From Survival Horror to Narrative Puzzle
Aside from gathering every shred of information because I’m just that nosey, the simpler reason to use the Turning Points system is because you want everyone to survive. Directive 8020 works hard to justify this gamer instinct with video recordings left to family members yearning for home cooking and inside jokes shared amongst the crew.
Every character feels and acts like a real person, and my affinity for them only grew with each new drop of information. However, I decided to first play Directive 8020 in survivor mode, which forbade ever undoing a decision.
Sitting with each horrible outcome supplied the dread and tension that I’m used to when trying to keep everyone alive in a Supermassive game. To no one’s surprise, I absolutely botched it—I’m talking game-ending levels of fucked it up.
After the bloody mess that was my first run, my next step was enabling Turning Points to ensure everyone survived, avoiding every poor decision, missed QTE, and painful death scene. That’s an experience you could get in any other narrative horror game by following a guide. But it’s really the in-between where Turning Points shines.
The Best of Both Worlds
All that was left was an 'anything goes' run where I sought to unlock every extra scene that was still left blank. From this point, Directive 8020 shifted from survival horror to a bloody and somewhat confusing puzzle.

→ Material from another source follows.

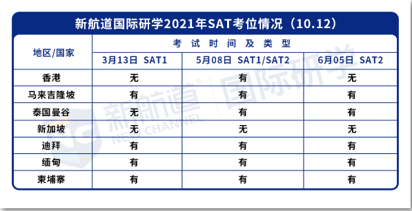 新航道組織了多場SAT考團,想要了解2021年SAT考團,點擊下面圖片,了解更多SAT海外考團信息。
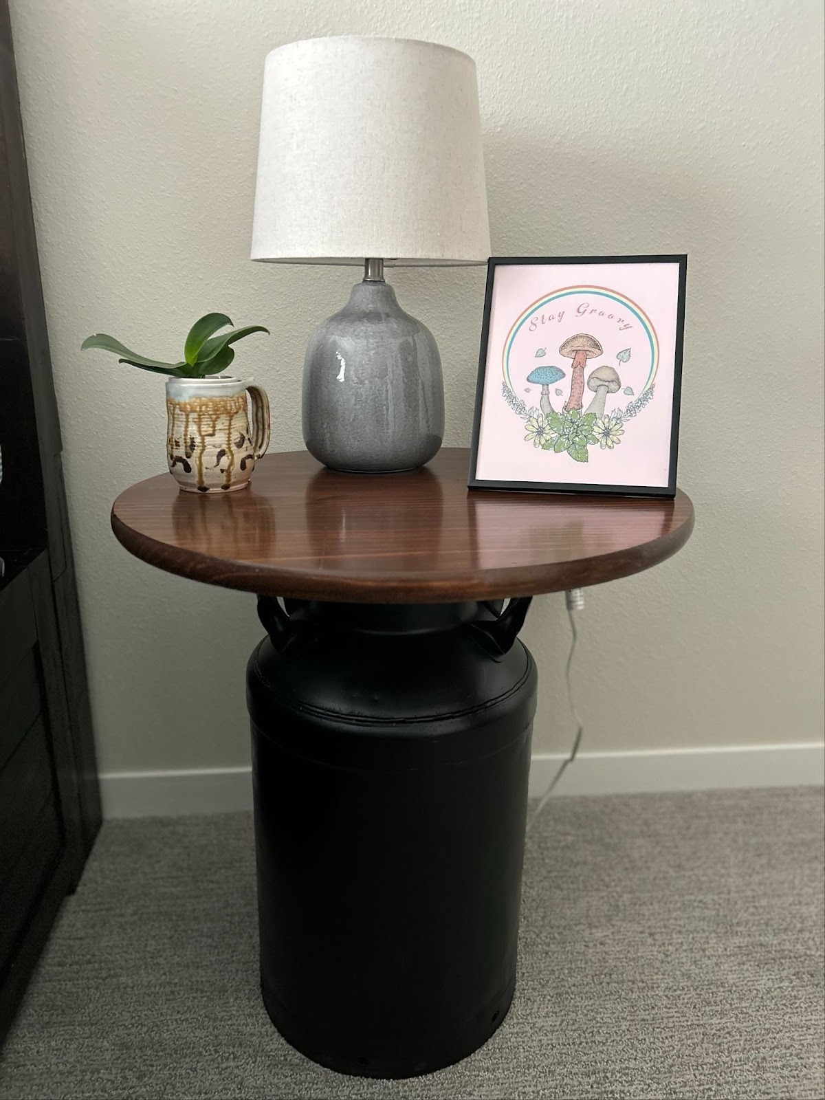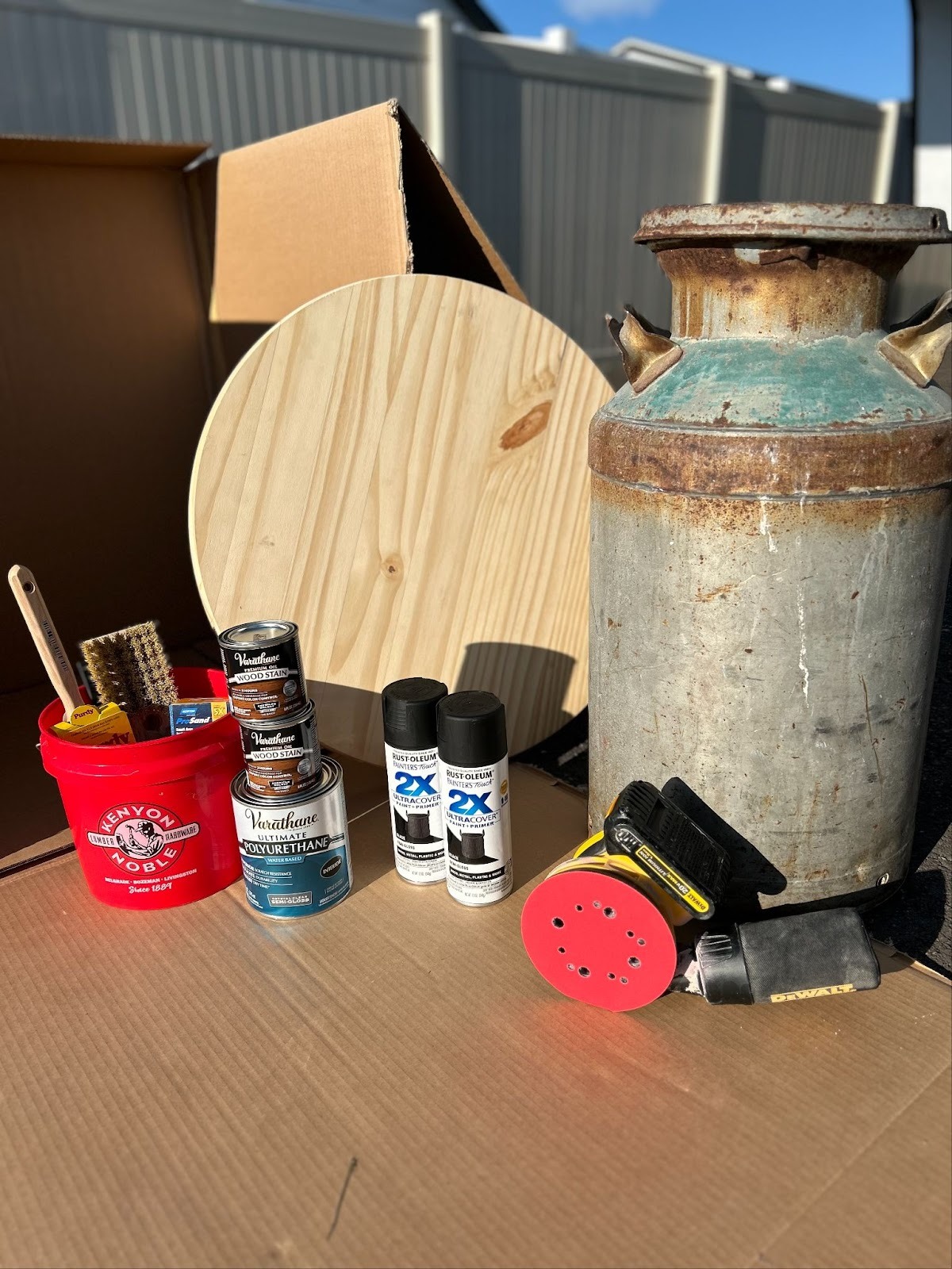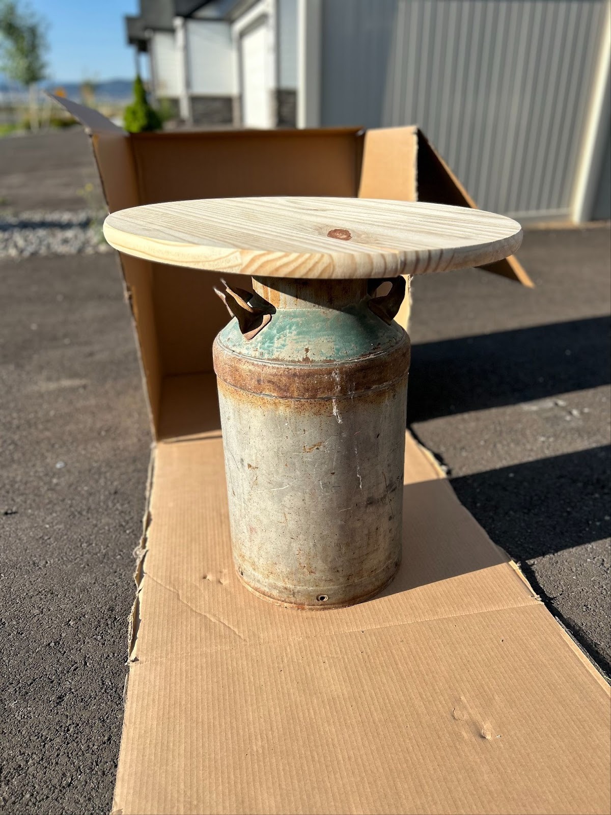 Tracie found an old milk jug in a family barn and wanted to incorporate it into her home but also in her style! She started looking on Pinterest for some ideas and found a milk jug side table and wanted to bring that to life!

It’s not uncommon to restart a game to get a specific valued outcome, but the best part about Turning Points is that you can experience everything the game has to offer without starting from scratch (although some outcomes warrant early redos).
I meticulously worked through each story thread for each episode, experiencing every scene in the first episode. I found that the most key decisions happened midway through the game, so I often found myself restarting from those critical junctions rather than the beginning.
This approach allows for a deeper understanding of the narrative layers. It makes for some of the best body horror I've seen in a game for quite some time, combining the visceral shock of the unknown with the intellectual satisfaction of piecing together a fractured timeline. By allowing players to peel back the layers of trauma and mystery, Supermassive Games has crafted a sci-fi horror experience that is as emotionally resonant as it is terrifying.